Em contraste, variantes contendo R-fluoroproline e difluoroprolina permaneceram incolores, indicando dobras erradas e deposição de proteína desdobrada em corpos de inclusão. A análise SDS-PAGE verificou a presença de proteínas insolúveis contendo r-fluoroprolina. Em contraste, proteínas nativas e variantes de s-fluoroprolina e dehydroprolina foram encontradas nas frações solúveis.
Na análise de cromatografia líquida/espectrometria de massa, cada substituição de proline por S-fluoroproline produziu uma mudança positiva de 18-dalton por resíduo de prolina, enquanto a substituição por dehidroprolina produziu uma mudança negativa de dois daltons por resíduo. Em espectrância de absorção e emissão de luz, a absorção de cromoforeiros foi encontrada em 488 nanômetros para EGFP e 493 nanômetros para NowGFP. Em KillerOrange, a região de absorção de cromoforeiro era composta por duas bandas correspondentes a dois possíveis estados configuracionais e de carga do complexo cromoforeiro.
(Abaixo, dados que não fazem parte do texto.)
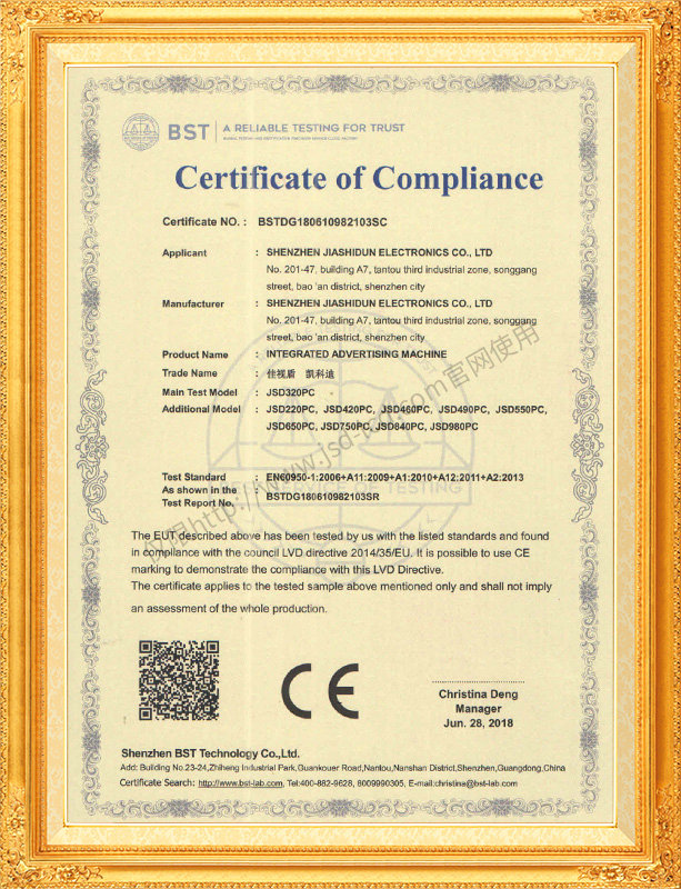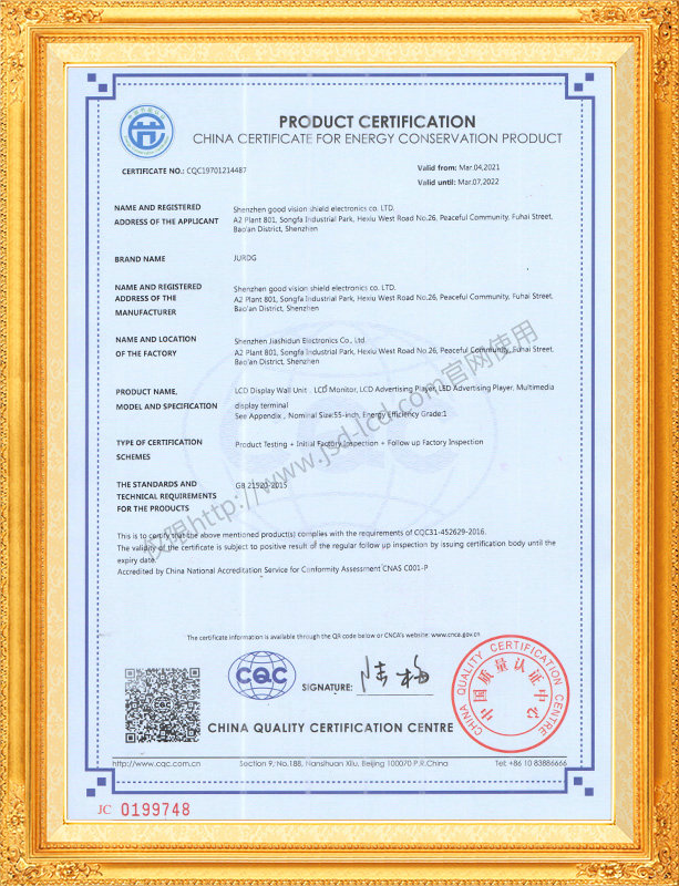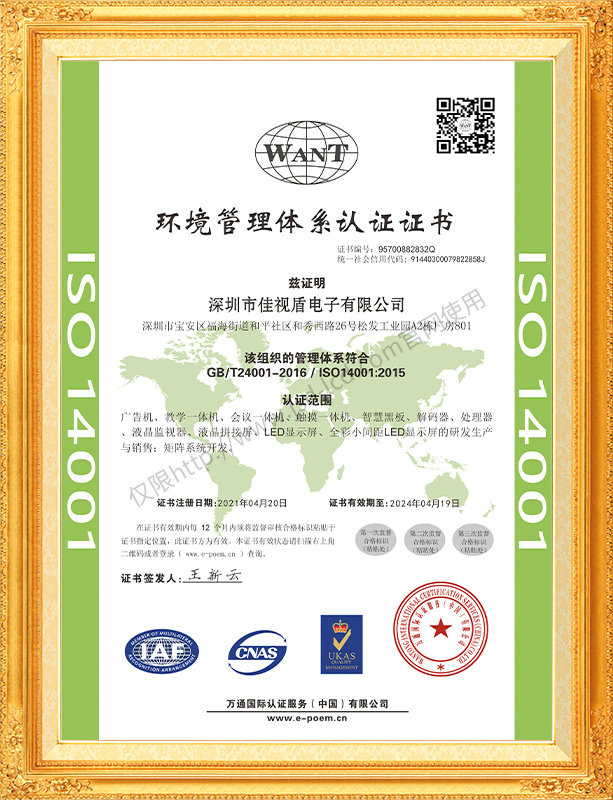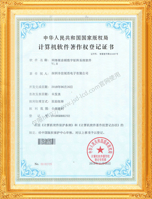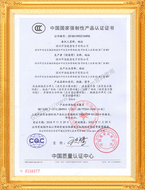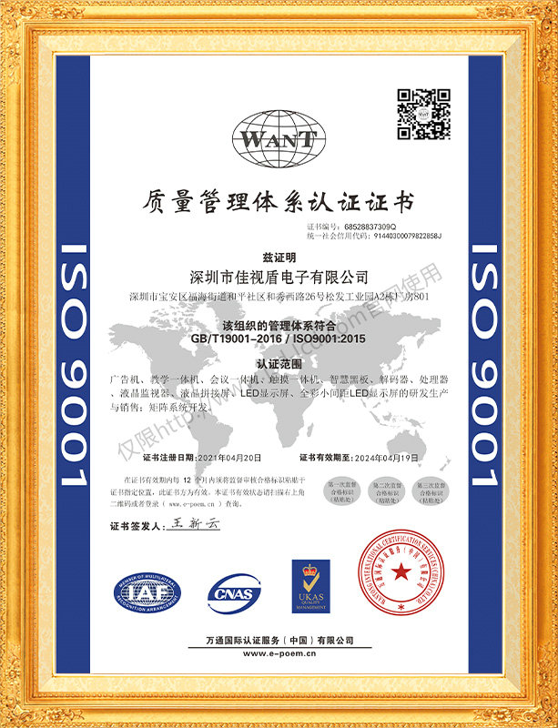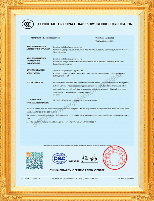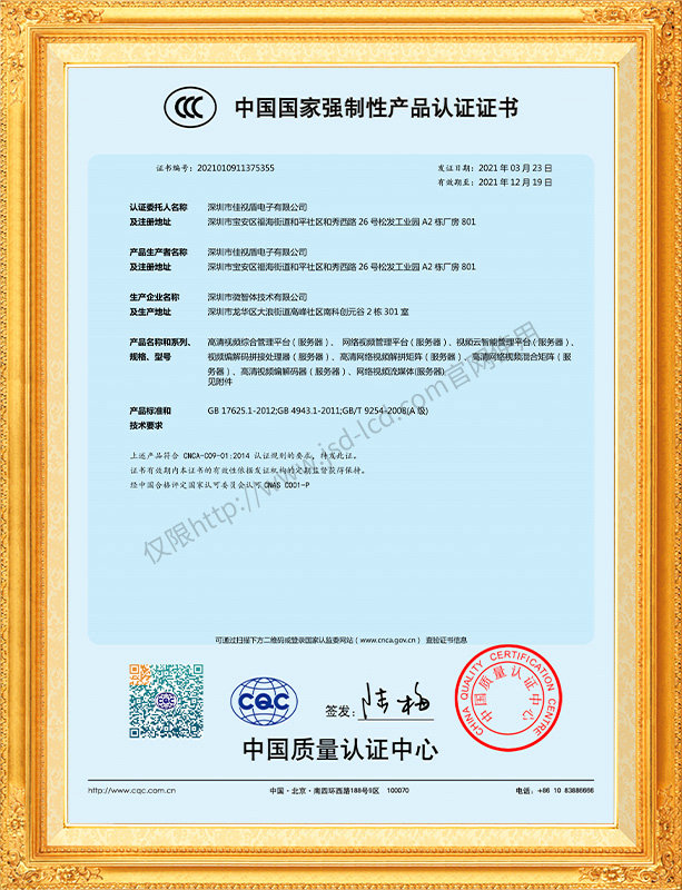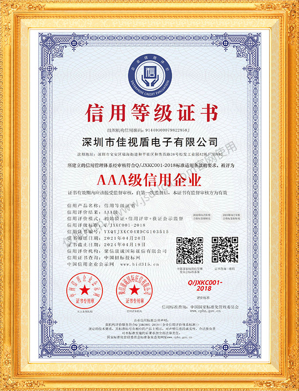 佳視盾科技采用了科學現(xiàn)代化管理模式,公司和產(chǎn)品通過了CCC、CB、CE、FCC、ROHS、ISO9001、職業(yè)健康管理體系、環(huán)境管理體系,中國節(jié)能認證、多項認證,取得多項專利技術及多項軟件著作權, 并獲得國家及行業(yè)協(xié)會的多項榮譽證書,所有產(chǎn)品均經(jīng)過嚴格老化檢測及測試,達到行業(yè)優(yōu)等品的出貨標準。
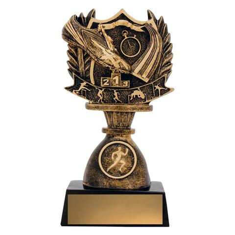 Classic shield design featuring track & field elements and running shoe. This budget style trophy series is available in 3 convenient sizes and contains space for the option of including your logo inserts if required.
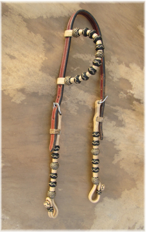 Leder / Rohhaut Einohr-Kopfstück / schw. Akzente
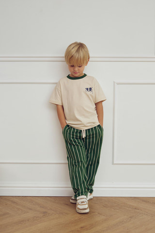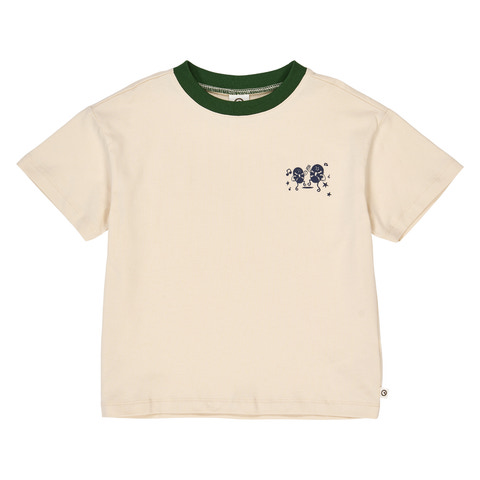 En mjuk och skön T-shirt i stretchig singeljersey, perfekt för aktiva barn med stilkänsla. På bröstet finns ett fint och livligt tryck med dansande figurer som ger en lekfull touch. Den kontrastfärgade ribbade kanten i halsen ger T-shirten en modern och sportig twist.
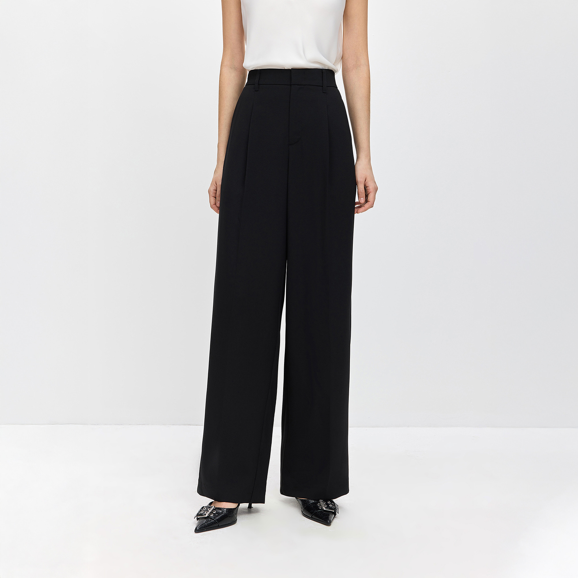 天ONLY2025冬季新款通勤风垂顺西裤面料设计喇叭裤长裤休闲裤女
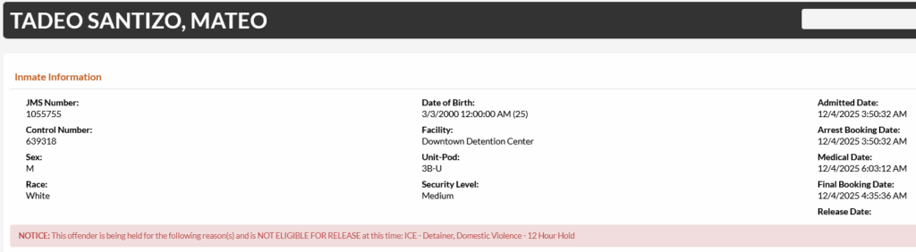 • Tadeo-Santizo was charged with two counts of failure to appear, domestic assault with bodily injury, and criminal impersonation. He was booked on a $4000 total bond. His charges of failure to appear stem from August 2025 charges of no driver’s license and insurance/evidence of compliance.
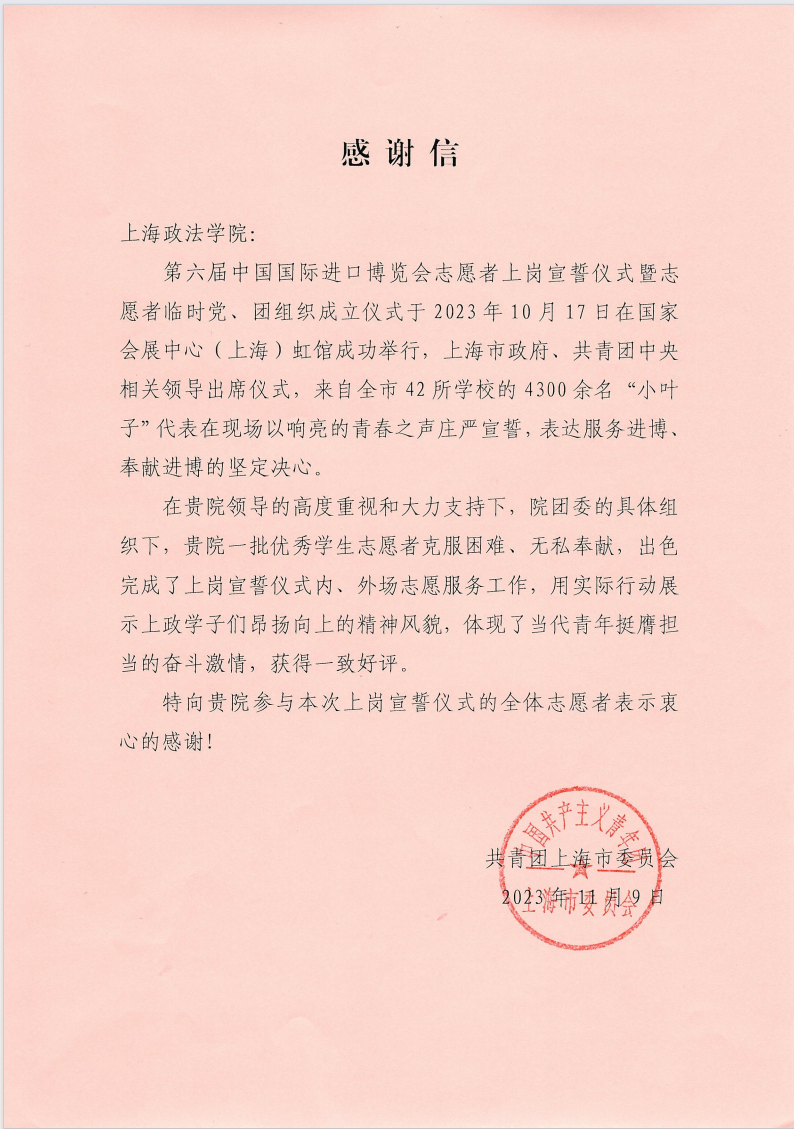 我校今年共组织招募第六届进博会会期志愿者140名、演练志愿者100名、青浦区城市文明志愿者156名、上岗仪式志愿者54人,成为输送志愿者类型最全、人数最多、服务时长最久的上海高校,并收到团市委、市政府外办发来的感谢信。
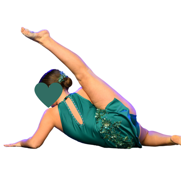 Custom made gorgeous green mini dress with bodysuit attached. Beautiful appliqué, rhinestone and ruffle work with the fabric. Definitely one of a kind.
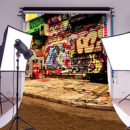 Mohoo - Set fondale fotografico in tessuto da 1,5 x 2,1 mt circa, materiale: seta, Tema sfondo: graffiti su muro, ideale per bambini, scenografia da studio
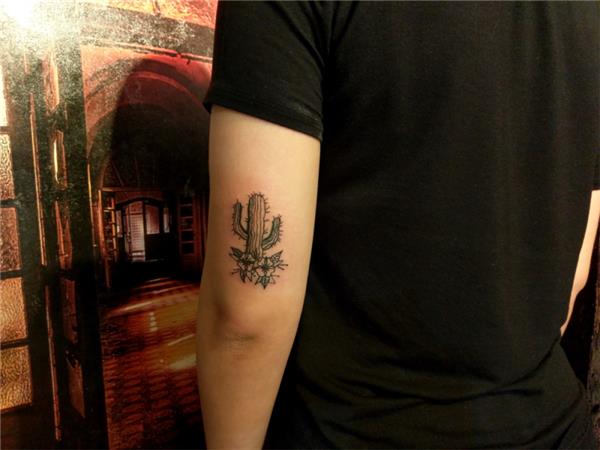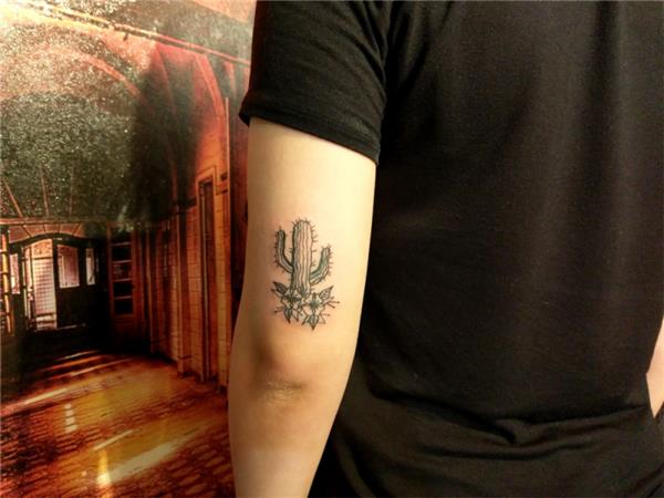 Kaktüs ve Çiçekler Dövmesi / Old School Cactus and Flowers Tattoo, Çizgisel Dövmeler, Kol Dövmeleri, Kol Arkası Dirsek Üstüne Dövme, Değişik Dövme Fikirleri, Kaktüs Dövmeleri
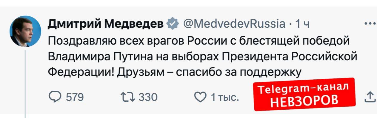 P.S. Если узурпатор власти не захочет заканчивать сво и реагировать хоть как то, тогда новая власть объявит о необходимости переговоров с ними и Украиной, а в виде независимого переговорщика предложат мохнатую залупу венедиктова. Он ведь знаком с песковым, а песков с путиным, вот они все как старые товарищи всё мирно и обсудят и решат судьбы нового добрососедского союза братских государств - только так кровопролитие и закончится, причём без прибегания к тяжёлой артиллерии вроде повсеместных всполохов батарейных фонариков.
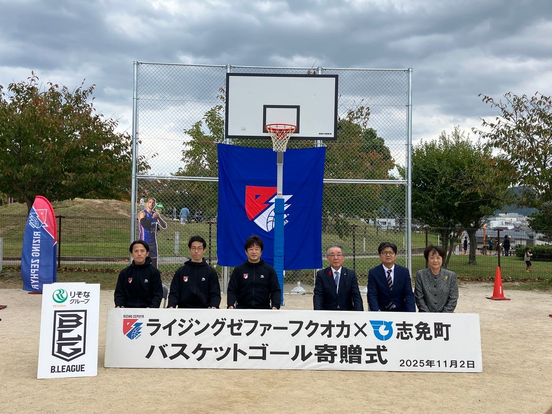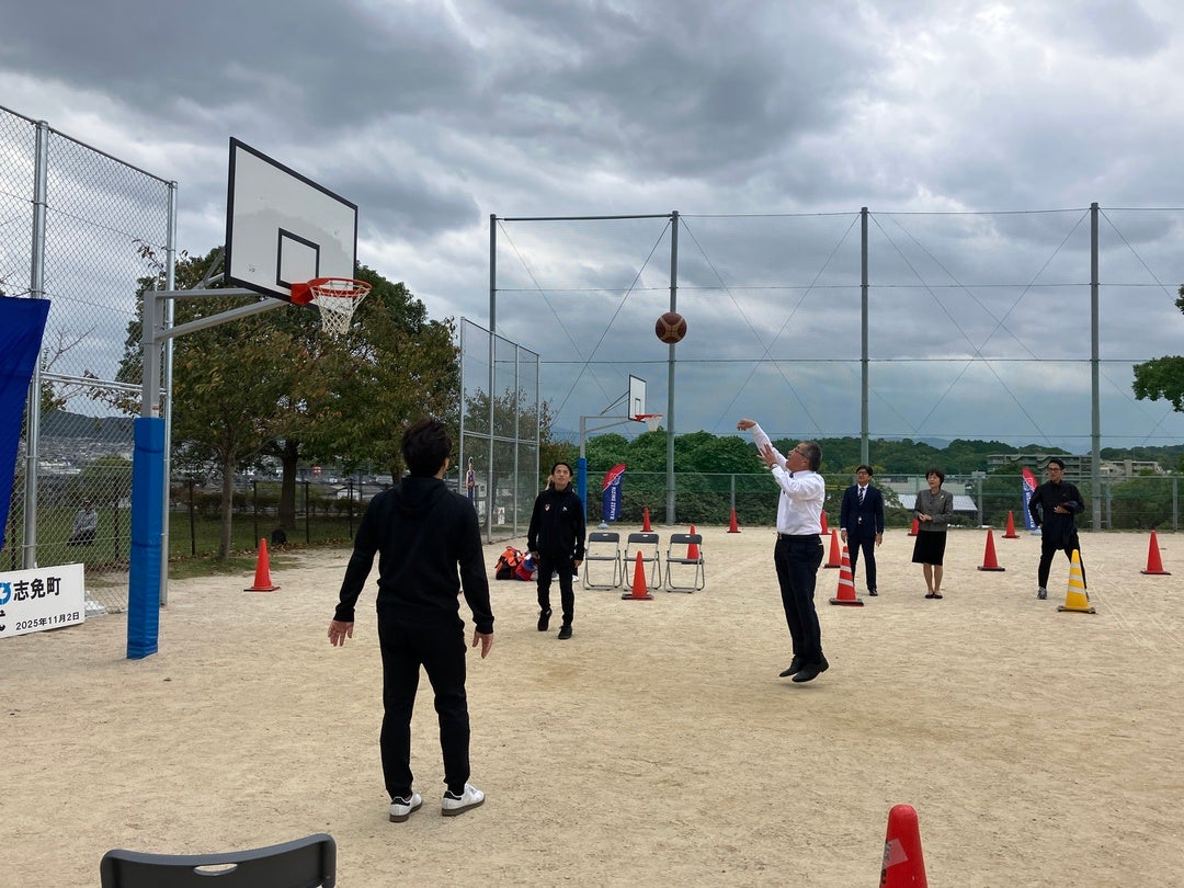 11月2日(土)、フレンドリータウン協定を締結している志免町のシーメイト多目的広場にて、バスケットゴール2基の寄贈式を執り行いました。

Além disso, espectros de fluorescência registrados após excitação nos comprimentos de onda máximo de absorção correspondentes implicavam que os análogos não alteravam o ambiente químico dos cromóforos. Em experimentos de reamosscação, a fluorescência cromopária nativa de EGFP recuperou-se parcialmente, embora a fluorescência específica do triptofano tenha sido maior após a renaturação. Foi observado comportamento semelhante para a variante contendo dehidroprolina.
Em S-fluoroproline contendo EGFP, um resultado semelhante foi observado com uma excitação de 295 nanômetros, enquanto a fluorescência recuperou-se em uma extensão muito maior em 488 nanômetros. Apenas as variantes EGFP mostraram cinética de remassagem rápida com a recuperação de emissões de triptofano sendo duas vezes mais rápida em comparação com a emissão de cromoforeiro. Devem ser utilizadas culturas bacterianas frescas com meios de crescimento adequados.
Técnicas estéreis e monitoramento regular do crescimento da cultura também são importantes pré-requisitos para o sucesso do experimento. Este método é aplicável à engenharia proteica, pois permite estudar o papel de outros aminoácidos canônicos. Para isso, são necessárias cepas auxotróficas adequadas de E.coli e análogos de aminoácidos.
A espectrometria de massa de proteínas inteiras é necessária como evidência analítica para confirmar a incorporação de análogos de aminoácidos não canônicos. O método SPI para incorporar análogos prolinas permite manipular diretamente o backbone proteico, e oferece vantagens para o design racional e facilitar a produção de proteínas através da estabilização global e melhoria da tradução ribossômica ou dobrável.